European spacecraft begins 10-year quest to reach comet

March 3, 2004

DARMSTADT, Germany – A European spacecraft sped away from Earth’s gravity Tuesday after a flawless launch, beginning a 10-year journey to land on an icy comet in search of answers about the birth of the solar system and the origins of life on Earth.

The Rosetta craft blasted into orbit from Kourou, French Guiana, aboard an Ariane-5 rocket at 4:17 a.m. local time.
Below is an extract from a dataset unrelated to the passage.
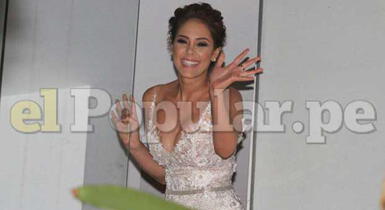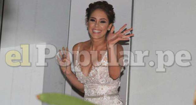 “Estoy feliz. Gracias por venir. Como los escuché, decidí salir a saludarlos. ¿Nerviosa? Más que nerviosa estoy ansiosa, quiero darle el sí nuevamente. Gracias por estar acá”, dijo la novia por la ventana del segundo piso de la casa donde se casó. Ezio Oliva llegó impecablemente vestido a las 6:45 pm.

Scientists then waited a tense two hours for the automated firing of the rocket’s upper stage, boosting the craft to the nearly 25,000 mph needed to escape Earth’s gravitational field.

European Space Agency controllers in Darmstadt then took command of the 3-ton craft – named for the Rosetta stone whose inscriptions provided the key to Egyptian hieroglyphs – and began bringing its systems to life, spreading its 105-foot solar panels and pointing them toward the sun to get electrical power.

Mission controllers toasted the launch, more than a year behind its original schedule, with champagne. ESA abandoned a January 2003 date after another rocket in the Ariane-5 family veered off course the previous month and had to be destroyed.

Rosetta’s destination – in 2014 – is a comet called 67P/Churymov- Gerasimenko, an irregular chunk of ice, frozen gases, and dust discovered in 1969 by Soviet astronomers Klim Churyumov and Svetlana Gerasimenko.

The voyage will take so long because Rosetta must loop three times past Earth and once past Mars to gain speed, using the planets’ gravitational fields as slingshots.

While Rosetta orbits the comet, its lander will attempt the difficult task of touching down, using a harpoon and spikes to grab hold. The comet has a diameter of three miles at most, and therefore its gravity is very weak.